Exciting week experimenting with the newly released LLaMA 3.2 (1B) model, applied in a unique context: multi-label classification on medical records.
?? Medical Dataset: The dataset includes transcriptions from over 3,000 anonymized medical records. Labels were multi-faceted, covering domains such as medical procedures, conditions, and specialties (e.g., “Surgery,” “Pneumonia,” “MRI”), with over 10,000 unique labels spanning frequent and rare categories.
Our goal was to develop a scalable and accurate model that classifies complex medical text data (e.g., surgical notes, medical history) into over 10,000 unique categories, including medical specialties, procedures, conditions, and anatomical terms. Due to the heavy class imbalance (e.g., “Surgery” vs. “Pediatrics”) and sparse data, this project posed unique challenges.
Multi-label classification of medical texts, a task that presents specific hurdles, particularly with sparsely labeled data and lengthier medical transcripts. The LLaMA 3.2 1B model, typically used for generation tasks, required innovative adjustments.
?? Methods Used:
- Model Architecture: We leveraged the LLaMA 1B model, enhanced with LoRA (Low-Rank Adaptation) for parameter-efficient fine-tuning on high-dimensional medical text. The setup allowed effective memory use and targeted learning, supported by BitsAndBytes quantization for memory optimization.
- Dimensionality Reduction: The model, being a Causal Language Model (CLM), outputs logits over the entire vocabulary—unideal for tasks needing last_hidden_state. So we needed to try careful dimensionality reduction from over 200K+ to around 2048.
- Tokenization & Label Management: Implemented multi-label encoding via MultiLabelBinarizer to handle over 10,000 medical classes with infrequent labels removed. Tokenization used a max sequence length of 512 for performance optimization.
- Loss Functions: We experimented with several custom loss functions tailored for sparse multi-label classification:
- MaskedBCELoss: Targeted only relevant label positions.
- SparseWeightedFocalLoss: Focused on hard-to-predict classes and penalized false positives.
- FrequencyWeightedFocalLoss: Adapted to imbalanced label frequency for balanced learning.
- Custom Validation Metrics: Designed specific metrics to evaluate:
- Row-wise label overlap accuracy.
- Per-class precision, recall, and F1 scores.
- Custom scoring to focus on labels relevant to each record while reducing 0-vs-0 matches.
- High-Frequency Label Bias: The model frequently predicted common labels (e.g., “surgery,” “MRI”), indicating a need to balance label frequency.
- Sparse Predictions: Fewer predictions were generated for lower-frequency labels.

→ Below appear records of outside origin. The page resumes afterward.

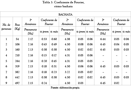 En la tabla 3, se presentan los resultados para el género bachata en la modalidad de baile sincronizado donde se puede apreciar la variación del coeficiente de Fourier y sus frecuencias asociadas, los cuales demuestran que en una frecuencia alrededor de 2.16 Hz se presenta el mayor aporte de carga.
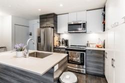 Welcome to this beautifully designed south-facing 1-bedroom suite, offering 628 sq. ft. of bright and open living space. Flooded with natural light through large windows and enhanced by high ceilings. The modern kitchen features sleek stainless steel appliances, elegant quartz countertops, and plenty of cabinetry for storage. Additional highlights include one secure parking stall and a convenient storage locker. A perfect combination of style, comfort, and functionality — ideal for first-time buyers or investors.
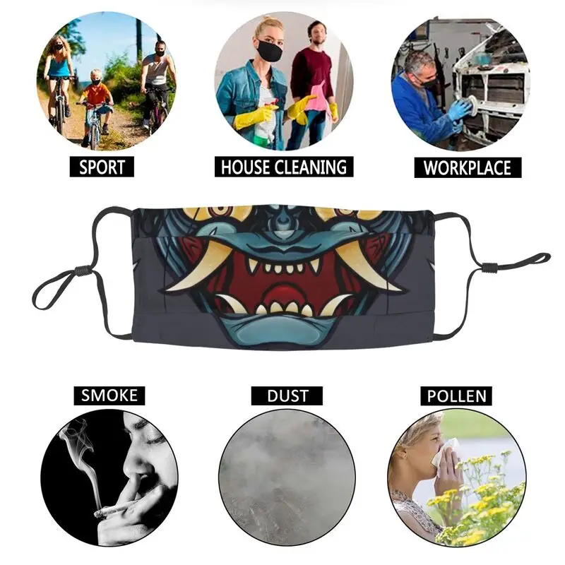 Маска демона-самурая Oni, Пылезащитная, дышащая, с татуировкой на Х...

The custom loss functions helped improve this but remain a focus for future work.
- Reduced Overfitting: Using gradient checkpointing and dropout adjustments effectively controlled overfitting on high-frequency labels.
?? Results (Sample):
- Row-wise accuracy improvements: Adjusted the model to achieve meaningful, diverse predictions by incorporating label masks and adaptive learning rates. Initial results showed accuracy in predicting more frequent labels such as 'Orthopedic', 'Cardiovascular / pulmonary', 'Radiology', "MRI," "Surgery," etc., but more tuning is needed for sparsely occurring labels.
- Early experiments show an F1-score above baseline, with precision on top labels exceeding 70%.

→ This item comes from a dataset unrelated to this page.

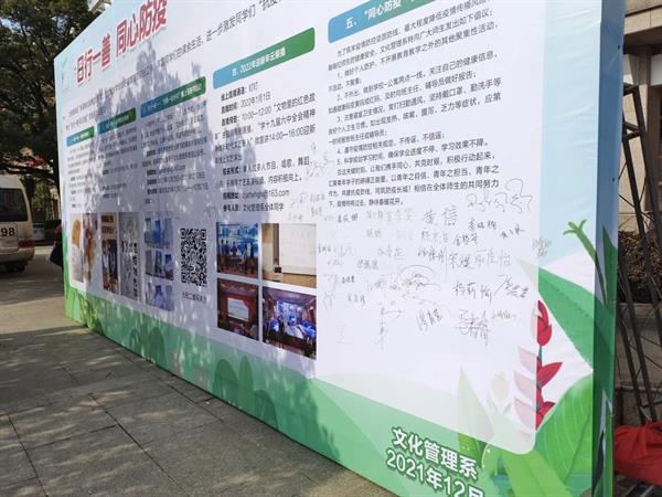 参与活动的20公共文化班学生冯戴智说:“疫情再度袭来,‘防疫’云活动让大家打起了十二分的精神面对疫情。我相信,只要我们能够‘同心防疫’,疫情一定能很快过去!”21公共文化班黄信说:“疫情面前没有旁观者,疫情防护没有局外人。我们坚信,齐心协力,积极配合,终会共同走出疫情的阴霾!”20公共文化班范何贇说:“这次抗疫签名的活动让我们明白在这个时候我们的责任就是戴口罩、少聚集、不给社会添麻烦。保护好自己也是保护好他人,保护好我们的美丽杭州。”

?? Next Steps & Reflections:
This project has been incredibly insightful, revealing both the potential and the limitations of GenAI LLMs models in the medical NLP domain.
- GenAI and Healthcare: These applications demonstrate GenAI’s potential to transform healthcare, especially through automated tagging and diagnosis.
- Challenges: Sparse, multi-label data requires specialized loss functions and careful balancing to prevent overfitting on frequent terms.
- Further Optimizations: To improve model performance, I propose:
- Experimenting with adaptive learning rates to dynamically adjust during training.
- Investigating alternative architectures or hybrid approaches (e.g., LLaMA with a dense layer pipeline for specific labels).
- Trying curriculum learning by progressively adding less frequent classes to improve learning generalization.
Let’s connect and hear your views on GenAI and open source LLMs applications in healthcare AI!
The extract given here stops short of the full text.